Ein solches Molekül verbindet dann das Polymer und eine Substanz, welche die Zellhaftung ermöglicht (Bild 2). Dafür kommt insbesondere das Fibronectin in Betracht, ein Protein, das im Körper unter anderem die Wechselwirkung der Gefäßinnenhautzellen mit ihrer natürlichen Wachstumsunterlage vermittelt. Es reicht auch, lediglich die kurze Kette von Aminosäuren des Proteins, die für diese Zelladhäsion verantwortlich ist (die Peptidsequenz Glycin-Arginin-Glycin-Asparaginsäure-Serin), an die Abstandshalter zu binden. Das Fibronectin oder das Peptid bildet dabei einen Anker, an den Endothelzellen zumindest in der Zell- kultur andocken, ohne ihre Gestalt zu verändern.

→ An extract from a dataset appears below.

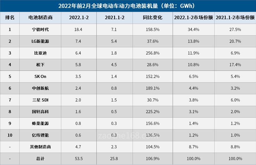 3月31日,韩国市场研究机构SNE Research公布的数据显示,2022年2月,全球电动汽车电池装机量达25.9 GWh,同比增长123.3%,连续第20个月保持稳定增长。中国电池制造商延续了去年的优秀表现,宁德时代稳居第一,中创新航超三星SDI,6家中国电池制造商登榜。
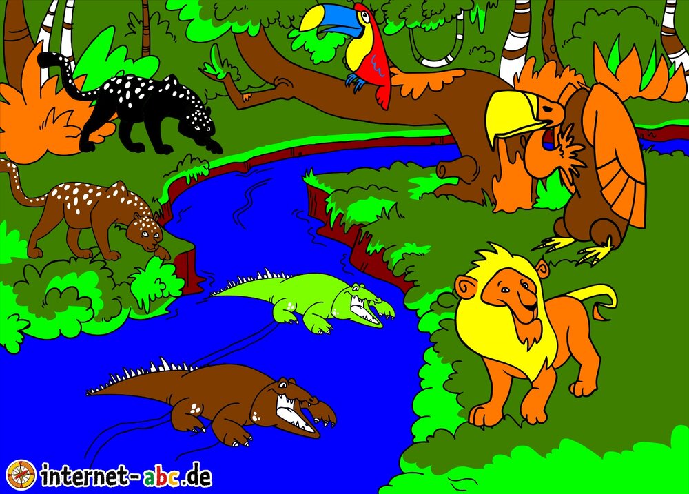 Nein Geschichte spielt in Urwald dass alle Tiere da trinken wollen

Auf diese Weise sollte sich ein künstliches Gefäß mit einer natürlichen Zellschicht auskleiden lassen, um Bio- und Blutkompatibilität herzustellen. Der Einsatz solcher Hybrid-Blutgefäße beim Menschen wird derzeit vorbereitet. Das Prinzip läßt sich sowohl auf andere Trägerpolymere als auch auf andere Zelltypen übertragen. So wird man wohl künftig mit spezifischen Zellen als Auskleidung synthetischer Substrate sogar Hybrid-Organe mit den Funktionen von Bauchspeicheldrüse, Leber und Niere entwickeln.
Je nach Zweck und Anwendung eines Kunststoff-Implantats wird man die Oberfläche naßchemisch oder mittels Plasma modifizieren. Auch Kombinationen sind möglich. So läßt sich eine Polymeroberfläche durch die reaktiven Plasmateilchen aktivieren und somit seine Bindungsbereitschaft erhöhen; die anschließende Ankopplung funktioneller Moleküle bewirkt man dann mit den spezifischeren chemischen Verfahren.